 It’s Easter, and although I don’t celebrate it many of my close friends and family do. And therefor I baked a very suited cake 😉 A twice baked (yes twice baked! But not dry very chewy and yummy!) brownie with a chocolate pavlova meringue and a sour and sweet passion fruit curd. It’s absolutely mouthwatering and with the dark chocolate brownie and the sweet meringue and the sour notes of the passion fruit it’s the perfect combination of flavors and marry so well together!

---

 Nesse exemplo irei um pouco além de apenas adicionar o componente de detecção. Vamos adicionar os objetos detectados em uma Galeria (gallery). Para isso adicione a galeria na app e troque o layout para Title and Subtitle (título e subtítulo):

* * *

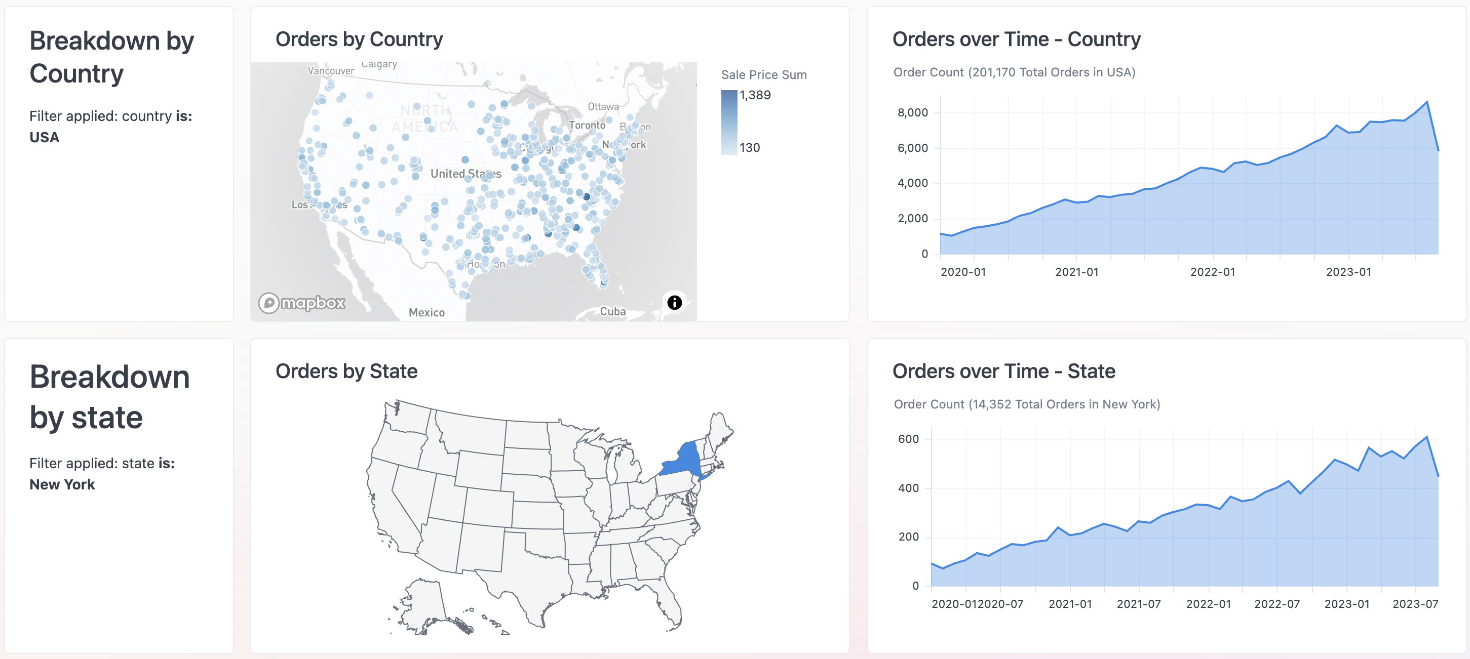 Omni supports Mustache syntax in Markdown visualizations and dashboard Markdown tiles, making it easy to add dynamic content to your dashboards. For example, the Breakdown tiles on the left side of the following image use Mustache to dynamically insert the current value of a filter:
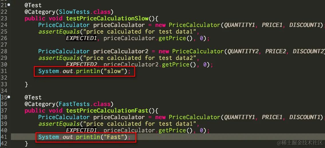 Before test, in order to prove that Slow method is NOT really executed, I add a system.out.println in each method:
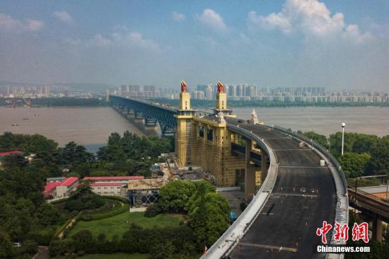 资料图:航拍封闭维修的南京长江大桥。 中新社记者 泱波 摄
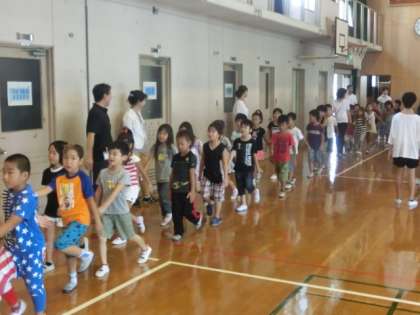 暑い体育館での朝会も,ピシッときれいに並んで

**YOUR INSTRUCTIONS:** Print, word for word, the lines above that run from the line containing "资料图:航拍封闭维修的南京长江大桥。 中新社记者 泱波 摄" to the line containing "暑い体育館での朝会も,ピシッときれいに並んで", both included. Keep the pictures out.

**RESPONSE:**
 资料图:航拍封闭维修的南京长江大桥。 中新社记者 泱波 摄
 暑い体育館での朝会も,ピシッときれいに並んで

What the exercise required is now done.